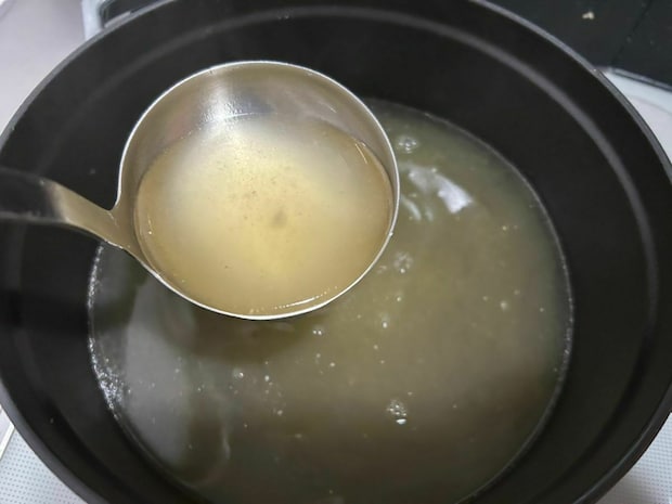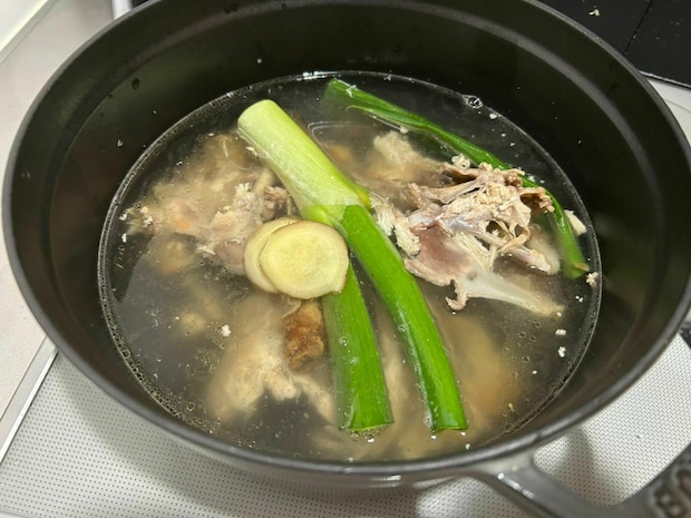説明書通り、残った骨とネギ、生姜をお鍋に入れて煮込むと、鶏の出汁と旨味がしっかりと溶け出したつやつやスープが完成しました。
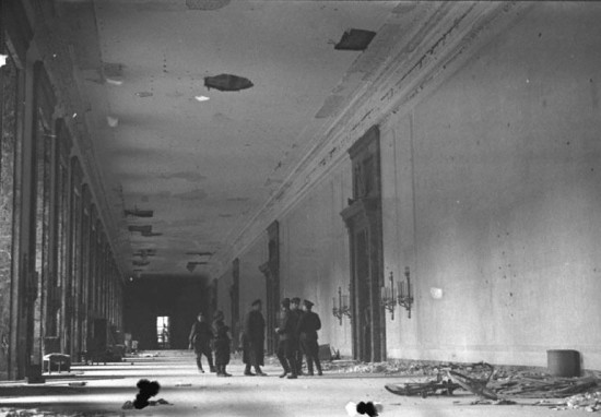 1945年4月26日清晨,在柏林上空,苏军数千架飞机再一次投下了成千上万吨的炸弹和汽油弹。在地上,平均每英里已部署到近千门的各种火炮集中射击。轰炸和射击结束后,朱可夫的白俄罗斯第1方面军派出无数个突击群和突击分队,从四面八方向市区突进。图为苏军攻入德国首相府。
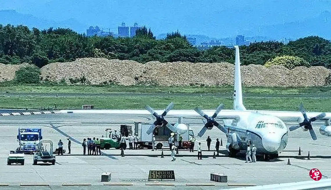 昨天中午12时14分,由美国空军运输机C-130转为民用版的“任务专机”,从菲律宾马尼拉机场降落在桃园国际机场。地勤人员先卸下装在木箱的外交邮袋,再把由红色帆布装载的外交邮袋送上军机。军机添油后,在下午1时20分起飞离开。
------
**Task:**
Would you please output only the lines from the start of the material above up to and including the line with "1945年4月26日清晨,在", exactly as they appear and without pictures?

**Task answer:**
説明書通り、残った骨とネギ、生姜をお鍋に入れて煮込むと、鶏の出汁と旨味がしっかりと溶け出したつやつやスープが完成しました。
 1945年4月26日清晨,在柏林上空,苏军数千架飞机再一次投下了成千上万吨的炸弹和汽油弹。在地上,平均每英里已部署到近千门的各种火炮集中射击。轰炸和射击结束后,朱可夫的白俄罗斯第1方面军派出无数个突击群和突击分队,从四面八方向市区突进。图为苏军攻入德国首相府。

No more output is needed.